Cierto es que, debajo de mi herida de rechazo, habita la herida de injusticia y ésta, tiene la habilidad de colocarse una máscara de rigidez y con ella, la capacidad de creerme sonriente ante cualquier situación doliente o tormentosa, pues de esta manera, el dolor se mitiga y hasta simula desaparecer. Lo mio no es andar entre rotondas, ni obsesiones, ni pensamientos repetitivos, ni todo aquello que aparentemente me conduce al mismo lugar, no, y creo que es por esto que mi herida de injusticia se activa, de la mano de mi madre y mis lealtades y camino como si «nada pasara». Sin embargo, el dolor no se esfuma, ni desaparece, tan sólo se esconde en un lugar que yo misma he creado, en lo profundo de mi corazón. Ahí, solitario y silencioso, obediente como mi mente, vive escondido sin permiso para salir al exterior. Se sube a un ascensor imaginario y baja, baja y baja tan profundo, que hasta desaparece.

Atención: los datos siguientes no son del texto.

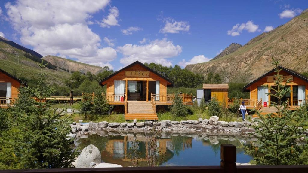 2023年7月起,安玉軍和幾戶村民改造自家院子,騰出開設(shè)農(nóng)家樂、牧家樂的房子,并打造燒烤和露營(yíng)基地。步入基地,幾池清水將基地分成不同區(qū)域,木屋、牙帳、露臺(tái)散布其間,人們環(huán)繞池間小路行走,周邊連綿的祁連山上松木成林,牛羊悠閑。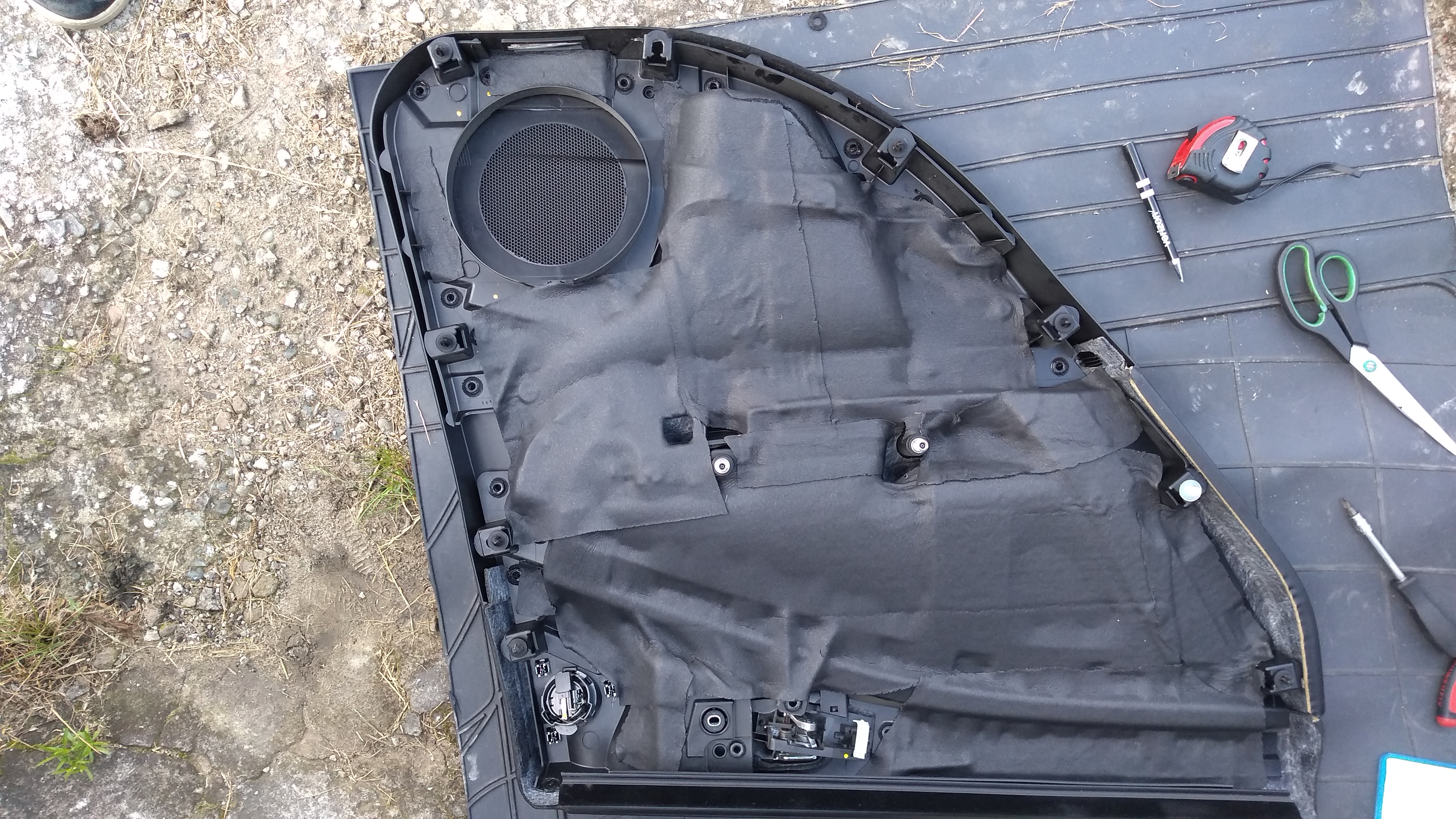 Využil jsem antivibrační materiál (vrstva butylu a hliníku) AB2 (na dveře a v předních dveřích) a tlumící pěnu K3S ze strany tapece.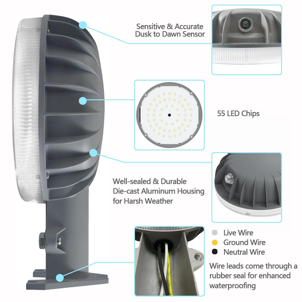- **Automatic Dusk to Dawn Functionality**: Featuring a sensitive and accurate photocell, this light automatically turns on at sunset and off at sunrise, allowing you to save on electricity bills while enjoying hassle-free outdoor lighting.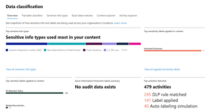 - You will see links in each sub-pane in this dashboard. These will allow you do drill down into the information provided, or you can click on the links across the top. We will only be working in the Sensitive information types tab.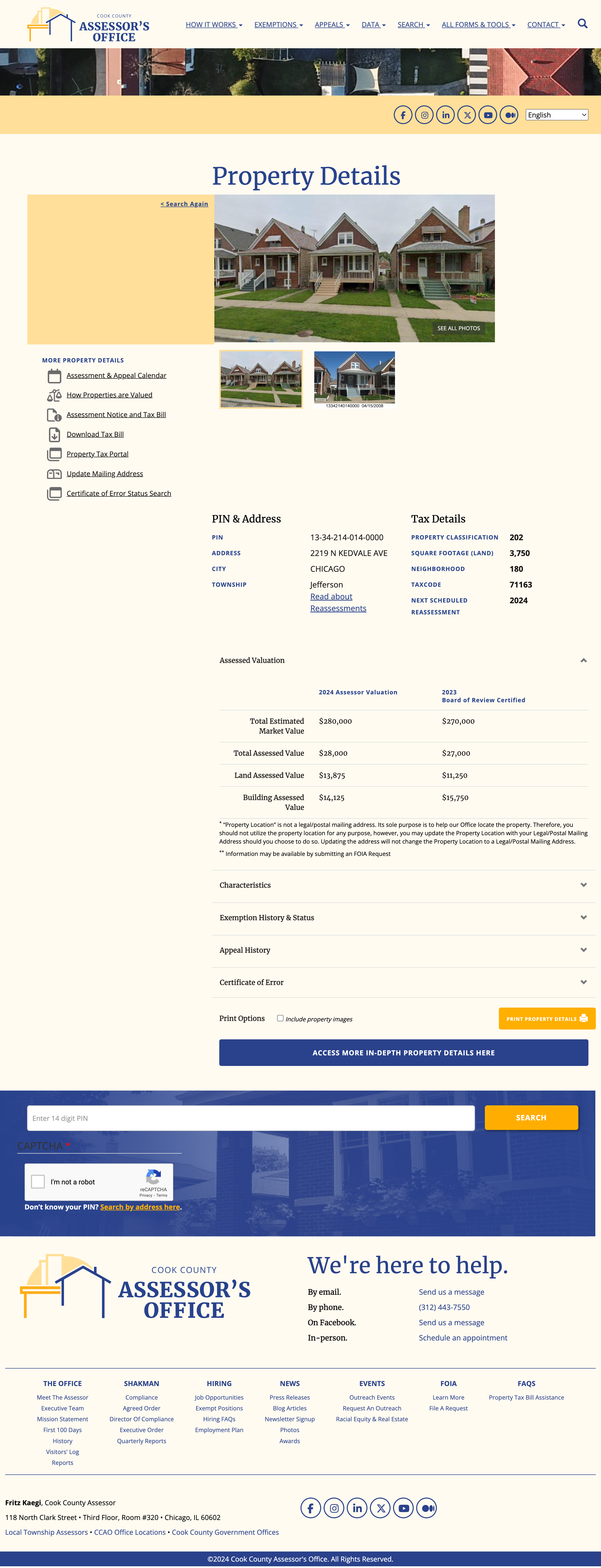 Online Assessment: If you do not have a paper form and you've gotten your PIN, go to the http://www.cookcountyassessor.com and navigate to Search > Property > Property Search by PIN. Once you enter your PIN and the random security code to make sure you are not a robot and submit the form, you will see all your personal data and property information. You will see your new 2024 assessed value.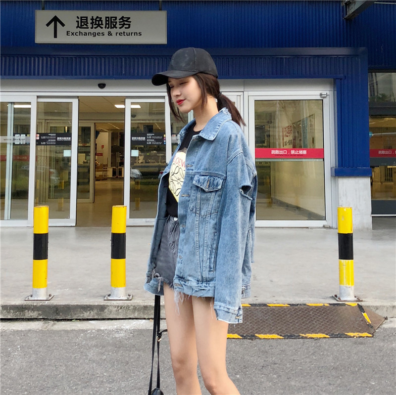 時尚復古秋裝女2018新款水洗寬松百搭oversize長袖顯瘦牛仔外套潮

Cuando la tormenta pasa, cuando los nubarrones se disipan, cuando el sol sale, amanece y me muestra que «ya pasó todo y la luz se hizo», como dijo Dios en el génesis, entonces, se cae la máscara de rigidez y su hermana, la máscara de huidiza y aparece en un instante el permiso. Las alarmas se apagan, el modo supervivencia se desconecta y todo, aparentemente, vuelve a su lugar. Es entonces cuando mi cuerpo habla, cuando se muestra, cuando esas frases de dolor y también de sufrimiento que no me he permitido reconocer, se pasean descaradamente por mi sangre, cómo no, inundando cada milímetro de mi cuerpo en forma de síntoma y, en ocasiones, de enfermedades. Y así, con el mayor de los permisos, inconscientemente cedido, me viene el descanso, ese que no me permito con mis lealtades, con esa frase maravillosa que mi madre me regaló en momentos de penurias y tormentas y, como quien no quiere la cosa, «con faldas y a lo loco», la vida me para y me habla de frente, mirándome a los ojos del alma, arrebatándome el aire, el movimiento y el tiempo. Es entonces, que así me atiendo.

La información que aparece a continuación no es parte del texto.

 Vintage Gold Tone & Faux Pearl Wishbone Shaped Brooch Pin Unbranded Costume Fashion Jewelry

«Sí pasa algo, cuando algo me pasa«. Cada día soy más consciente de ello y, desde la amabilidad más amorosa, me permito sentir, pararme dentro de la tormenta, mirarla, rendirme y hasta dejar, que las lágrimas que brotan de esos nubarrones, caigan también sobre mi y se lleven el dolor en ese justo momento. «Me dejo en paz», en la medida que me lo permito y de la forma más amable para mi, me rindo a lo que sí soy, a ese amor que habita dentro y me abrazo… acogiendo mis emociones, meciendo mi alma con calma, como si de una bebé se tratará y yo misma fuera mi propia madre, con mi absoluto permiso y dejándome en paz. Es entonces cuando, aunque soy consciente de que «algo está pasando», elijo darme el permiso para vivirlo, sin buscar aprobación o reconocimiento externo, si eludirlo, sin huir, sin fingir ante mi misma ni ante nadie, me doy permiso para sentir y me dejo en paz.

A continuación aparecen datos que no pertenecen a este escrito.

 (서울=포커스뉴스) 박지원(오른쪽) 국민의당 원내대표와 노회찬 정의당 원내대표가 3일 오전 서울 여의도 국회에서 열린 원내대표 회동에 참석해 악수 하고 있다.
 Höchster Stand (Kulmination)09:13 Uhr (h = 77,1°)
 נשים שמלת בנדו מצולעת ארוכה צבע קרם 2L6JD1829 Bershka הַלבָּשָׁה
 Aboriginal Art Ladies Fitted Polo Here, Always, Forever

Porque me merezco… la vida.
Porque valgo… el amor que habita en mi, sin permisos, pues «Yo soy».
Porque soy suficiente… para amarme, respetarme y atenderme en todas mis experiencias y escenarios.

Y desde esta toma de consciencia, respiro el olor a libertad, aunque sea por un instante duradero en el eco de la eternidad y, con una sonrisa vuelvo al aquí y ahora, engrandecida y merecida y me descubro con las manos abiertas para recibir la vida, sentada en la terraza de mi casa, viendo como el sol me entrega su calidez y me recuerda lo afortunada que soy y los mil motivos que tengo para sentir agradecimiento y, aunque existen días, semanas e incluso meses que el Sol parece tímido en su regalo, soy consciente de que sigue ahí, detrás de los nubarrones, como la luz que habita en mi, a pesar del dolor e incluso del sufrimiento, sigue ahí, esperando que la elija, que me recuerde y «me deje en paz».